Глаза Соколовского застыли, погасли, губы побелели.
— Вам, Сергей Миронович, нужно спасаться.
— Выследили, — сказал Соколовский с жёсткой усмешкой и стукнул себя кулаком по колену. — Вынюхали.
— Вы — Силаев? — спросил Богушевич. — Которого ищут? Бывший корнет, служили в Вильне?
— Силаев, — спокойно ответил тот, — и мы с вами, Франц Казимирович, уже встречались.
— Да, встречались.
— В Вильне, у пана Шней-Потоцкого, у которого была красавица-дочь Ванда.
— Была такая.
— И в Августовских лесах, недалеко от Сувалок. Цыганский табор помните?
— Не забыл. И благодарен вам, Сергей Миронович.
— Из тех, влюблённых в Ванду, запали в память вы и Зигмунд Минейка.
— На каторге был Зигмунд. — Богушевич встал, встал и Соколовский.
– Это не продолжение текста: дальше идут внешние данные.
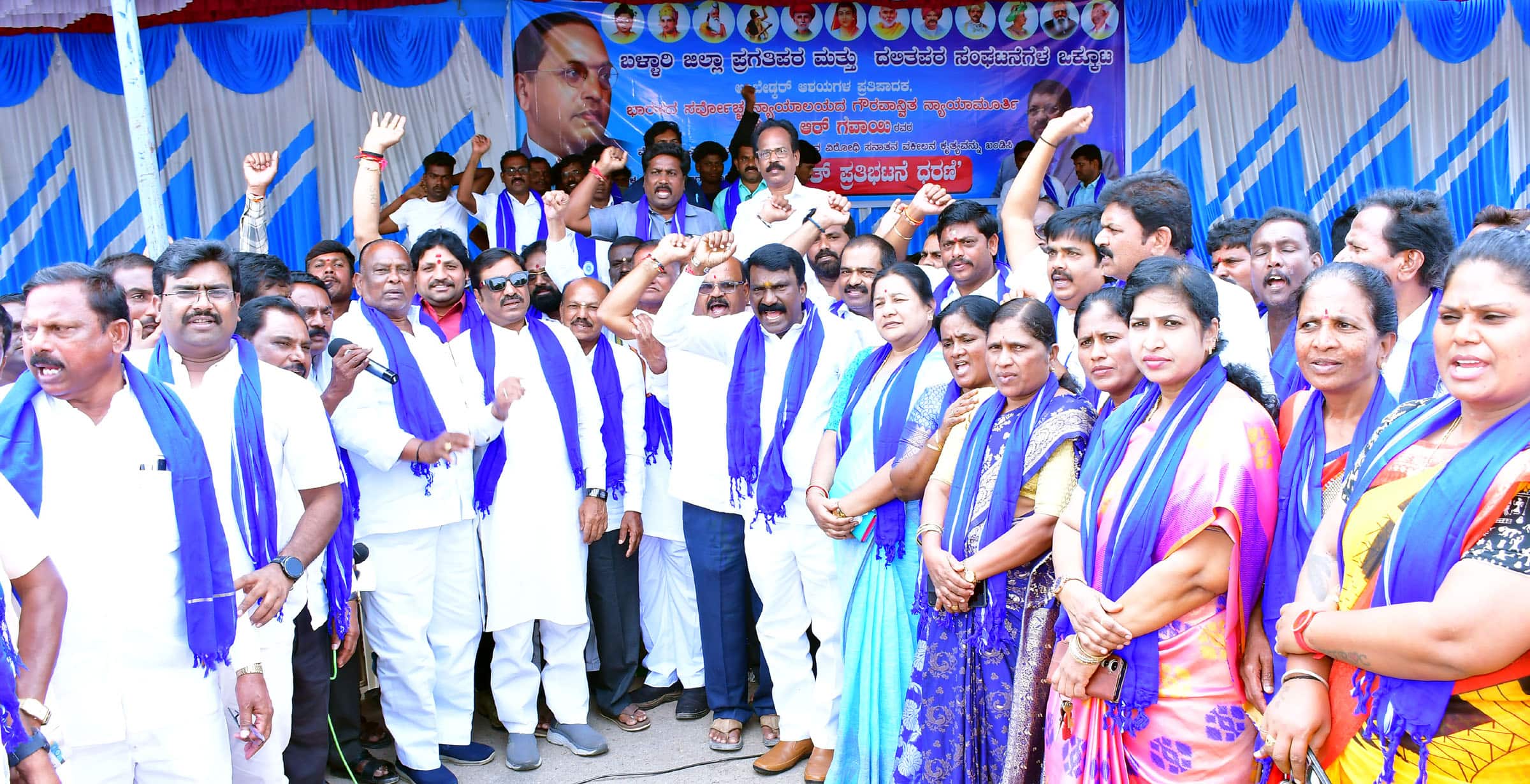 ಬಳ್ಳಾರಿ: ಸುಪ್ರೀಂಕೋರ್ಟ್ ಮುಖ್ಯ ನ್ಯಾಯಮೂರ್ತಿ ಬಿ.ಆರ್.ಗವಾಯಿ ಮೇಲೆ ಶೂ ಎಸೆದ ವಕೀಲನ ಕೃತ್ಯ ಖಂಡಿಸಿ ಬಳ್ಳಾರಿ ಜಿಲ್ಲಾ ಪ್ರಗತಿಪರ ಹಾಗೂ ದಲಿತಪರ ಸಂಘಟನೆಗಳ ಒಕ್ಕೂಟದಿಂದ ನಗರದಲ್ಲಿ ಪ್ರತಿಭಟನೆ ಹಮ್ಮಿಕೊಳ್ಳಲಾಯಿತು.

Стояли, глядели друг другу в глаза, словно проверяли, не ошиблись ли они, было ли все это на самом деле.
Глубокая тишина, воцарившаяся в доме, придавила их троих такой тяжестью, что они даже ссутулились, точно и правда им лёг на плечи реальный груз. Богушевича охватили воспоминания, словно молнией осветившие то далёкое, трагичное время, разбередили сердце. Его сковало оцепенение, связало все тело. Пережитое, вспомнившееся теперь, все вытеснило, изгнало из души, осталась одна пустая оболочка, как остаётся пустая куколка, когда из неё выведется гусеница.
Вспомнилось все подробно и ясно, и вместе с воспоминаниями вернулись былые чувства — боль, страх смерти и отчаяние… За одну минуту то далёкое прошлое промелькнуло у него в голове.
ГЛАВА ДВАДЦАТЬ ВТОРАЯ
Только заволокло солнце тучей, как поднялся ветер и погнал по воде мелкую рябь. Затон возле мельницы из синего сразу стал серым, гладь его, только что блестевшая, как первый ледок, подёрнулась морщинами. Утки спешили к берегу, наверно, почувствовали приближение грозы. Они плыли, подскакивая вверх, точно натыкались грудью на волны, как на что-то твёрдое. Мельница молчала, лопасти стояли сухие, неподвижные, вода шла в поднятый свободный шлюз, тихо шумела — не надо было крутить жернова. К затону, образованному плотиной, перекрывшей речку, подступал лес. На той стороне реки стоял хутор, ему и принадлежала мельница.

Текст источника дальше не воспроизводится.